It's pretty simple, really: Grind your meat of choice, add some spices and maybe some minced veggies or fruit, and then force it all into a casing, preferably a natural one made from intestines. Voilà: sausage.
But unless you're as talented as that one Czech guy who stuffs blood sausages with his bare hands, who blew culinary minds on Anthony Bourdain's No Reservations, you're gonna need at least a few hundred dollars for a good grinder and sausage stuffer. Not a lot of people make that investment for their home kitchen, especially considering the ease with which sausage is purchased at the store — and better sausage from farmers markets and specialty outlets, for a still-reasonable cost.
This week, we salute sausages and brats — hot dogs' handsome and stronger older brothers — via a tour of some six-inch goodies found locally.

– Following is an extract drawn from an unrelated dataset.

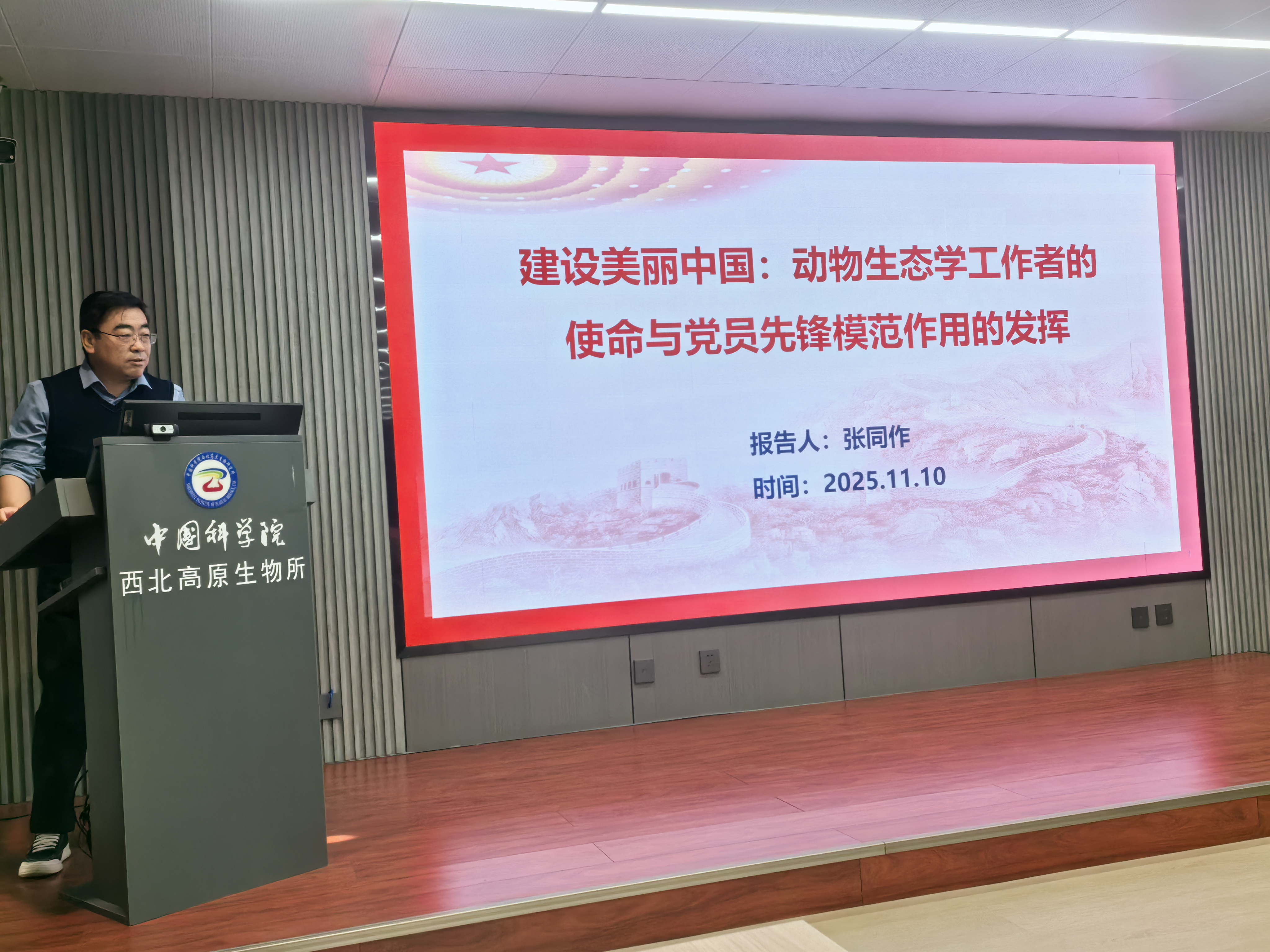 黨委委員張同作以“建設(shè)美麗中國(guó):動(dòng)物生態(tài)學(xué)工作者的使命與黨員先鋒模范作用的發(fā)揮”為題,從時(shí)代背景、專業(yè)使命、先鋒引領(lǐng)、融合實(shí)踐等多個(gè)維度,結(jié)合對(duì)全會(huì)精神的深刻理解與自身長(zhǎng)期扎根西部地區(qū)的科研工作實(shí)際,進(jìn)行了生動(dòng)而深刻的分享。上述3個(gè)黨課引發(fā)了全體黨員的強(qiáng)烈共鳴和深入思考。

Mollica's Italian Market & Deli
985-A Garden of the Gods Road, 598-1088, mollicas.com
After a failed expansion attempt into the Southgate area, Mollica's original location still stands. It's a bright space full of exposed brick, checkered table cloths and a large, full deli case, located right off the side of busy Garden of the Gods Road. The family-run operation has been kicking out homemade cannoli, tomato sauce and sausages, among other things, for 25 years.
The latter creations rotate throughout the week, but hot-and-spicy sausage day proved a good one to catch. Halved, grilled and packed into long French rolls from La Baguette French Bakery-Café ($8.95), the dark links tasting of salt and fennel and smoke were completely satisfying alone. But a nice side of pasta salad with broccoli, onions and carrots, and a fresh and chunky house tomato sauce for dipping, helped it all go down. — Bryce Crawford
Bite Me Gourmet Sausage
Mobile cart, 331-0546, tinyurl.com/727xn5m
On a cold, windy Thursday on Tejon Street, near Pikes Peak Avenue, Bill Layton was bundled behind his grill, his card tables butted up to Zack Travis' Downtown Burrito cart.

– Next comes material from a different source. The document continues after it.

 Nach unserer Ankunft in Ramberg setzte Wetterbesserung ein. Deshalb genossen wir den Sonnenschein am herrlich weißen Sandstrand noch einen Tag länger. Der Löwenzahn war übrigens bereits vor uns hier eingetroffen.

We bypassed the Continental Sausage flavors that we've already tried elsewhere, and opted for Polish, spicy buffalo and pheasant brats (each $4) on sourdough buns. We also took advice on fixings, to happy result. Homemade sauerkraut and spicy mustard gifted the Polish a vinegary authority. A potent cayenne cream cheese and caramelized onions played the sweet-hot tune nicely on the truly spicy buffalo, our favorite. And more carmies and Layton's dill cream cheese meet an unusual sweetness exuded from the mushroom-, spinach- and Parmesan-packed pheasant brat, easily the most nuanced and delicate. — Matthew Schniper
811 Cheyenne Meadows Road, 538-8600
Without hyperbole, I can say that the five-inch-long slice of house-made pizza ($3.50) I ate at Guido's one afternoon was the worst bit of restaurant-concocted pie I've ever had. The tiny thing was very greasy, very doughy and undercooked, and very much bereft of the sausage — the whole reason I'd ordered it. (Don't get me started on the surroundings. It's like being in your buddy's bombed-out basement bar: worn bar stools, cheap tables and construction equipment clutter.)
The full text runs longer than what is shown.